Residents of Gastonia, North Carolina have spotted a mysterious person lurking at the edge of a local woods outside of an apartment complex, wearing a full-length, hooded black cloak and making strange shapes with his or her hands.

The figure—who, in pictures, resembles an Emperor Palpatine that recently crash-landed on Earth and is confused by its trees—has been linked to other recent, strange events near the building, and has been accused of “dropping raw meat near a playground in the apartment complex.”

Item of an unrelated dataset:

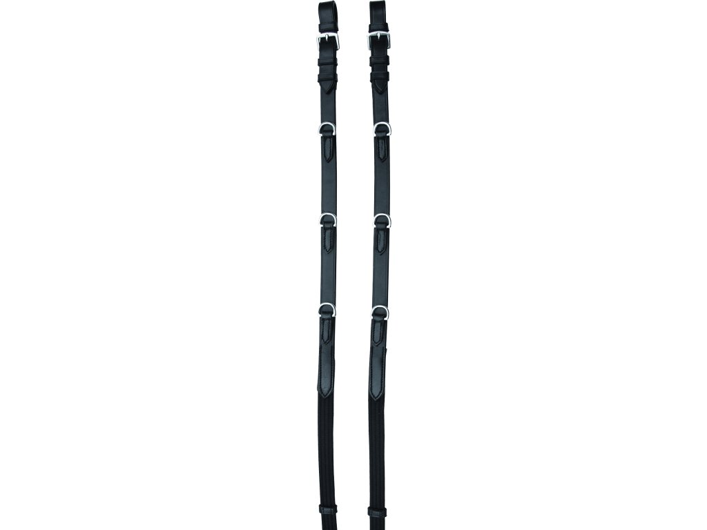 Speciální popruhové otěže Thiedemann. Obzvláště odolné popruhové otěže s koženými zarážkami a třemi našitými D-kroužky odpovídají martingalu 119001. Nejjemnější kůže a kvalitní zpracování.

Authorities don’t know much about this potentially carnivorous dark wizard, or what he or she is up to. The property manager of the apartment told The Gaston Gazette that he’s not sure whether those pale hands have signed any of his leases, and the police have pretty much just shrugged, saying they can’t even confirm the photo was actually taken in Hudson Woods. “Robby talked to the lady [who] took the pictures today and she said the police laughed at her,” alleged one local Facebook user.

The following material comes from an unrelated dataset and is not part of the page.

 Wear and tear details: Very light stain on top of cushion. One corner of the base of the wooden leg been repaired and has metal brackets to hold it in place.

It’s possible the cloaked figure is a misplaced LARPer. (Photo: Evan-Amos/WikiCommons CC0 1.0)

After putting the story on its front page, The Gazette was accused of legitimizing gossip rather than pursuing true leads. (This, despite their interview with a local Pagan, who, after confirming that Cloaky’s wardrobe and activities fit with possible Pagan practices, pointed out that a serious Pagan would probably not do this stuff in broad daylight behind an apartment complex. “It looks like someone is deliberately trying to create havoc,” she theorized.) 

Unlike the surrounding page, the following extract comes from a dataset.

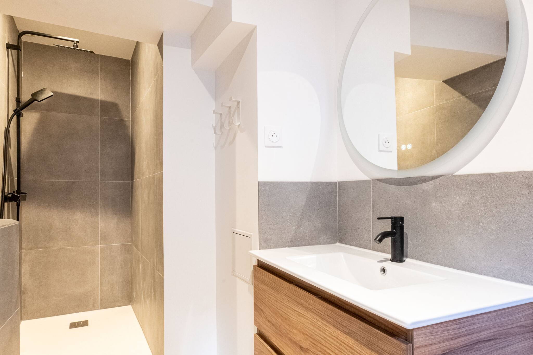 🛁 La salle de bain est équipée d’une douche, meuble vasque avec miroir et d’une machine à laver.

Members of various online communities have gone further. Much of Twitter is committed to photoshopping memes onto the figure’s face. One out-of-town Redditor, who received the photos from a friend-of-a-friend, believes it’s a ghost, and wants to do some image forensics. Gastonians themselves are all over the map—some think it’s a hoax, some are legitimately afraid, and others are pretty sure one should just tap the person on the shoulder next time and ask.

Speculation is a given when you’re dealing with a hand-dancing, (allegedly) meat-dropping cloakster. If capes mean something dramatic is about to go down, their hooded cousins tend to suggest that weird stuff is happening offstage. Whatever this particular character is up to, he joins a pantheon of archetypes that like to pop out in the summer and shake things up (see: last year’s California City clown). 

As one Gastonian put it, “Must be hot in that outfit, is all I’m sayin.”